Member Comments on this Poem
Posted by Chris Sorrenti on 07/01/13 at 09:48 PM

Having retired just over a week ago, and although I only have one son (now thirty), I can sure relate to this one Don. Well stated. I guess we've both lost a lot of family and friends these past few years, including Maureen. Feeling a special loneliness at this end as a result. Hope you don't leave too soon, but if you must or it's God will, I understand. Meanwhile, thanks for the company. :)

Posted by George Hoerner on 07/02/13 at 09:04 PM

Very enjoyable if that is the word that can be used in this context. We all end up there, looking back more than we look forward. Well done!

Posted by Rob Littler on 07/05/13 at 02:02 PM

Your images, ending in the first part, drove me to tremble, faced yet again with the fact our day to day experience in consciousness can get droned away.
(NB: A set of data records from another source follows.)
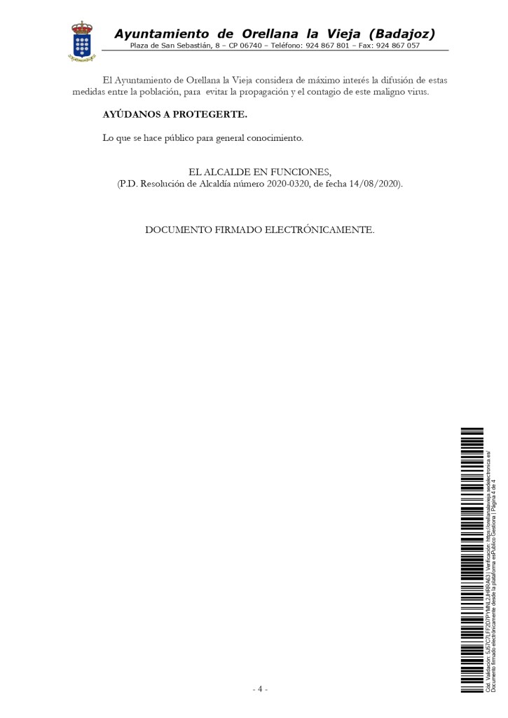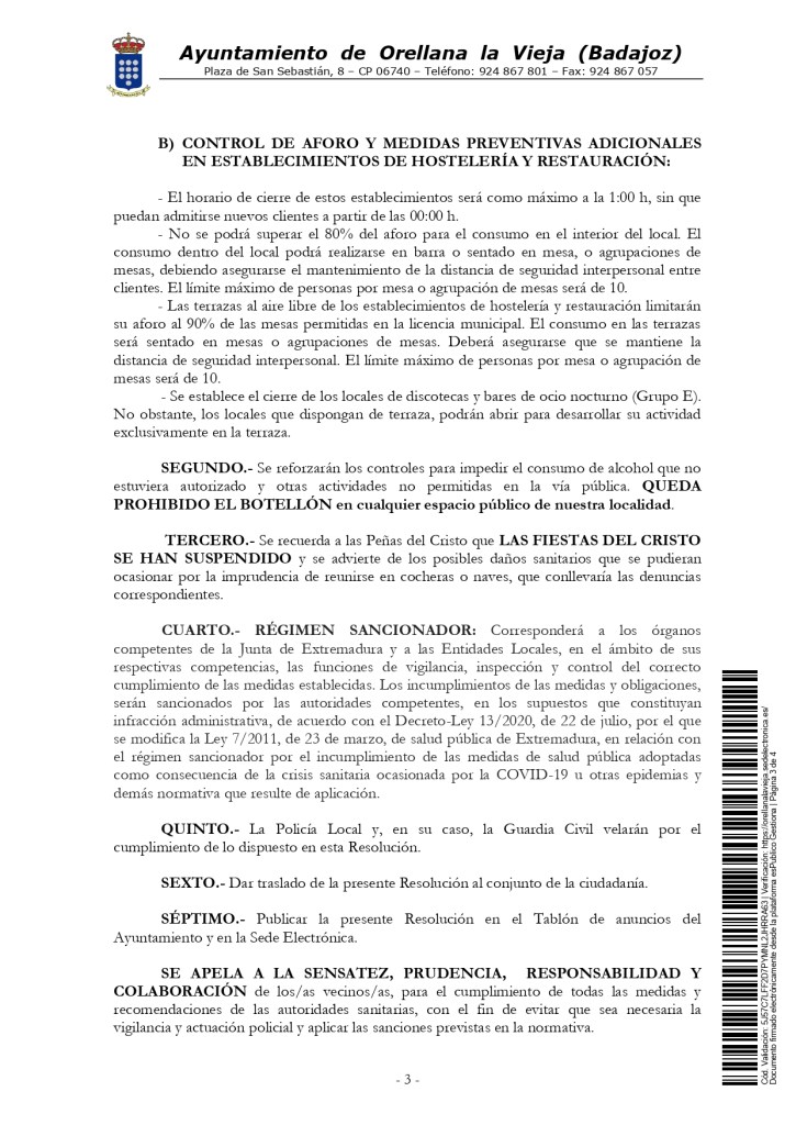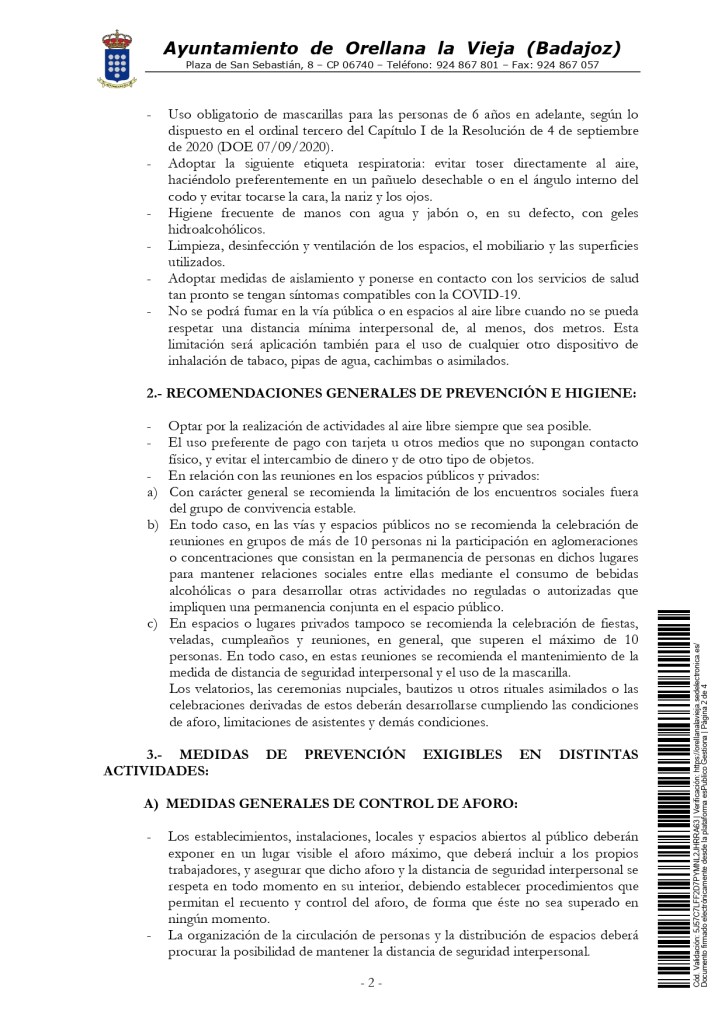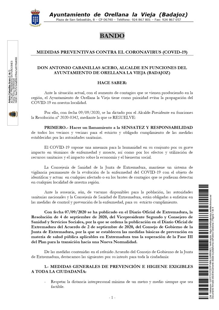 Para más información con respecto a las medidas preventivas, consultar la RESOLUCIÓN de 4 de septiembre de 2020, del Vicepresidente Segundo y Consejero, por la que se ordena la publicación en el Diario Oficial de Extremadura del Acuerdo de 2 de septiembre de 2020, del Consejo de Gobierno de la Junta de Extremadura, por el que se establecen las medidas básicas de prevención en materia de salud pública aplicables en Extremadura tras la superación de la Fase III del Plan para la transición hacia una Nueva Normalidad.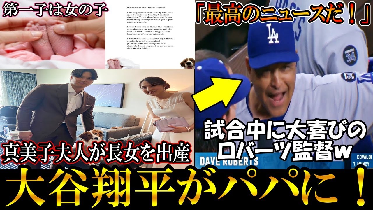 大谷翔平がパパに!真美子夫人が長女を出産!赤ちゃんとの3ショット写真も!ロバーツ監督は試合中に長女誕生を祝福!shohei ohtani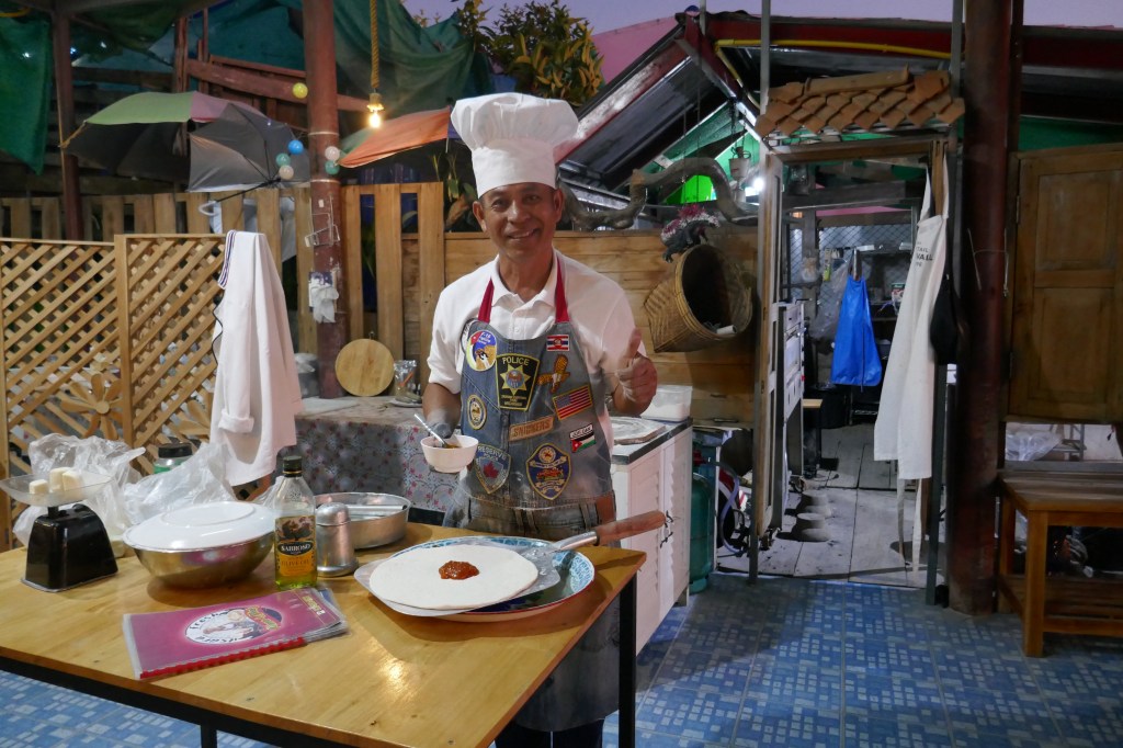 The pizzas were lovely and we chatted with him about his life, his career and his hopes for the restaurant. Ban Tak is a Thai tourist town, though European visitor numbers are down on previous years. We were the only people in his restaurant at the time and it was very relaxed.

But who can live in permanent full understanding, Self-Actualized, wise beyond fault? This question plagues me. I do like the close of the poem, accepting the remembrance, the nostalgia that comes with having eaten such a fine meal-of-it-all; it leaves my mouth gritty every time I read it.

Posted by Rob Littler on 07/05/13 at 02:05 PM

Your images, ending in the first part, drove me to tremble, faced yet again with the fact our day to day experience in consciousness can get droned away. But who can live in permanent full understanding, Self-Actualized, wise beyond fault? This question plagues me. I do like the close of the poem, accepting the remembrance, the nostalgia that comes with having eaten such a fine meal-of-it-all; it leaves my mouth gritty every time I read it.

Posted by Philip F De Pinto on 07/07/13 at 10:14 AM

this is a splendid ode, Don, and powerfully relevant of the way things are when nestlings have flown leaving two in introspection's grip the remainder of the trip?